Why don't generators execute until first yield?

[castironpi at gmail.com]

On May 7, 7:37 am, Marco Mariani <ma... at sferacarta.com> wrote:
> Duncan Booth wrote:
> > Perhaps if you'd copied all of my code (including the decorator that was
> > the whole point of it)...
>
> Sure, I missed the point. Python's > symbols become quoting levels and
> mess up messages.
>
> Anyway, I would loathe to start execution of a generator before starting
> to iterate through it.

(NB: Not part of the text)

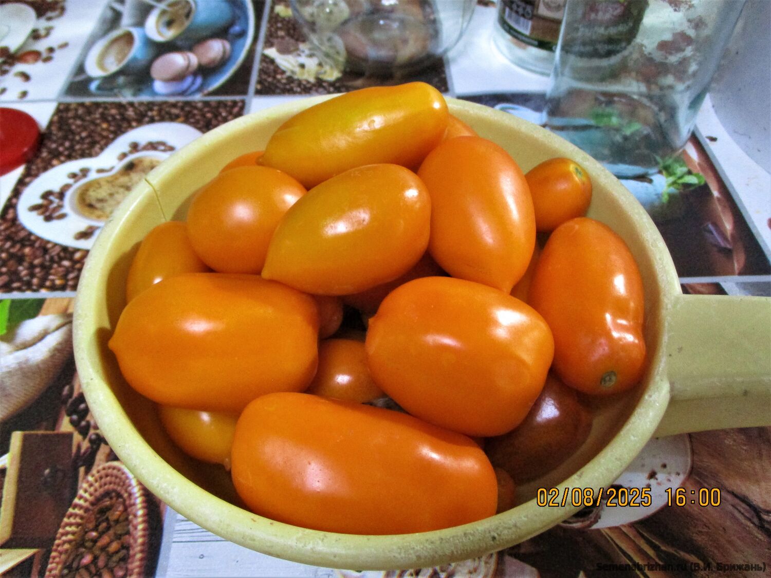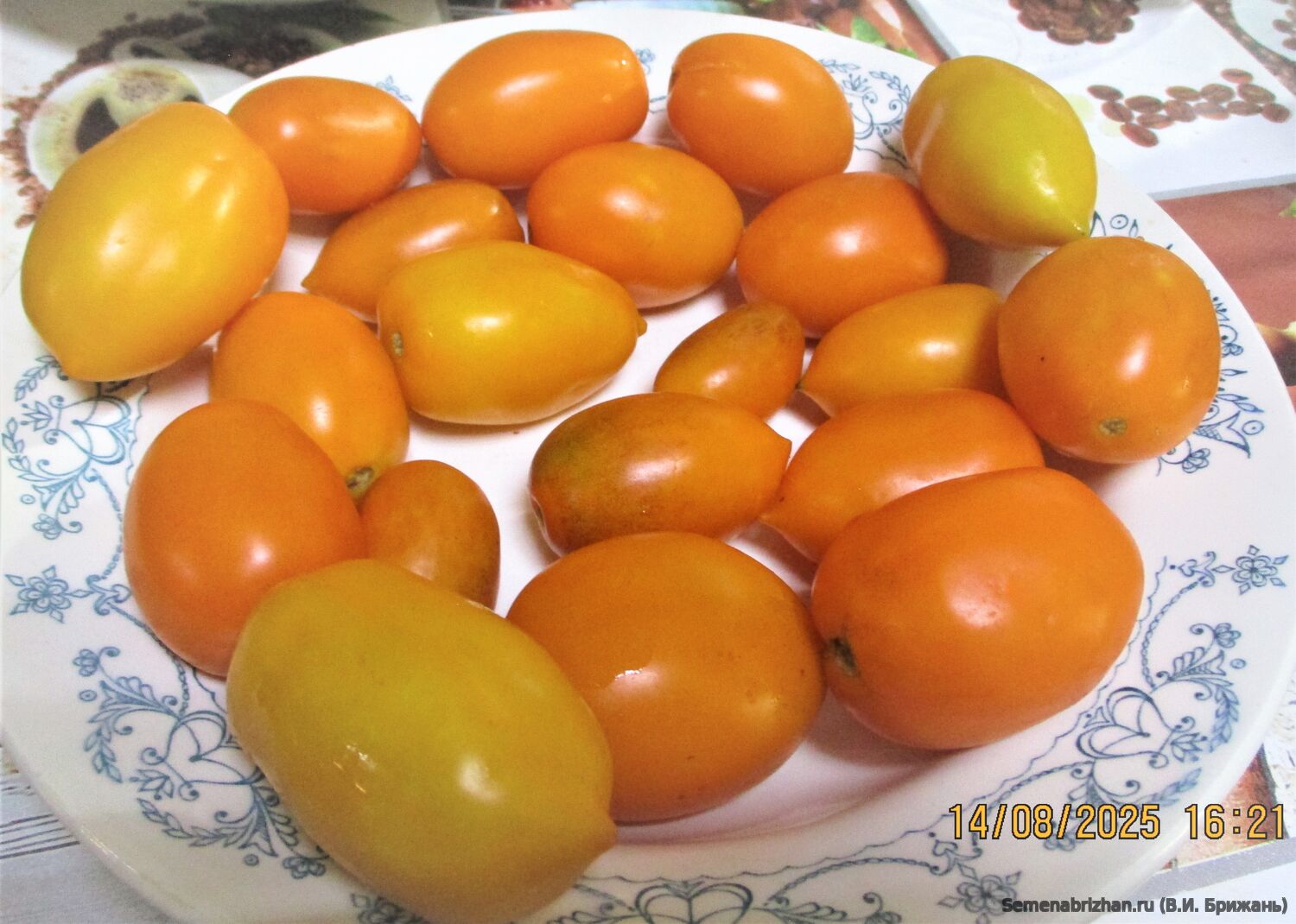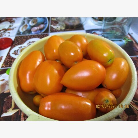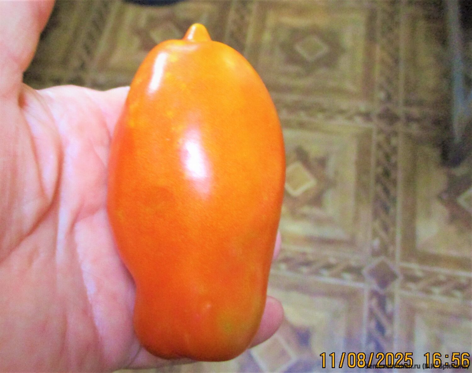 Томат Flaschentomaten Orange (Фляшентомат Оранжевый) — это индетерминантный среднеспелый коллекционный сорт немецкой селекции, представляющий собой оранжевую вариацию знаменитого сорта «Фляшен» – разновидность, полученная немецким селекционером В. Зонном от сортового гибрида первого поколения Corianne F1. Название происходит от нем. Flasche – «бутылочка» (плоды почти правильной цилиндрической, «бутылочной» формы). . Название переводится как «бутылочные томаты», что отражает специфическую вытянутую форму плодов. Срок созревания: среднеспелый (иногда классифицируется как среднеранний) -110-120дней, плодоношение длительное — с конца июля до самых заморозков. Основные характеристики: Тип куста: индетерминантный, высокорослый (до 1,8–2 метров). Характеристика куста: раскидистый. Стебель: тонкий. Листья: узкие. Растение требует обязательной подвязки и пасынкования; рекомендуется формировать в 2–3 стебля. Плоды: удлиненные «сливки» с характерным маленьким носиком («пимпочкой»). Цвет: ярко-оранжевый в биологической спелости. Масса: от 50 до 120 граммов. Вкус: Они сладкие, сочные и очень вкусные, плотные, мясистые, с малым количеством семян. Урожайность: высокая. Плоды собраны в крупные красивые кисти по 6–8 (иногда до 10-15) штук. Особенности выращивания и устойчивость Устойчивость: сорт отличается хорошей сопротивляемостью к фитофторозу и вершинной гнили. Плоды не склонны к растрескиванию и осыпанию с куста. Урожайность конечно не такая как у Фляшен с красными плодами, но тоже довольно приличная. Применение: благодаря плотной кожице и высокому содержанию сухих веществ, сорт считается идеальным для вяления и цельноплодного консервирования. Помидоры имеют идеальную форму и плотность для цельноплодного соления и консервирования. Также отлично подходит для употребления в свежем виде из-за десертного вкуса. Место выращивания: подходит как для теплиц, так и для открытого грунта (в южных регионах). В пакете 20 шт. семян.

Especially when generators are passed around.
> The current behavior makes perfect sense.

Question:

>>> def f( ):
...     print 0
...     while 1:
...             yield 1
...
>>> g= f( )
>>> g.next( )
0
1
>>> g.next( )
1
>>> g.next( )
1

This might fit the bill:

>>> def dropfirst( h ):
...     h.next( )
...     return h
...
>>> g= dropfirst( f( ) )
0
>>> g.next( )
1
>>> g.next( )
1
>>> g.next( )
1

However as dropfirst is dropping a value, both caller -and- cally have
to designate a/the exception.  Hold generators are better "first-
dropped", and you hold 'next' inherently causes side effects.  @greedy
(from earlier) frees the caller of a responsibility/obligation.

What can follow without a lead?

The definitions may lean harder on the 'generation' as prior to the
'next': generators inherently don't cause side effects.

Or hold, first-dropped is no exception:

>>> special= object( )
>>> def f( ):
...     print 0
...     yield special
...     while 1:
...             yield 1
...
>>> g= f( )
>>> g.next( )
0
<object object at 0x00980470>
>>> g.next( )
1
>>> g.next( )
1
>>> g.next( )
1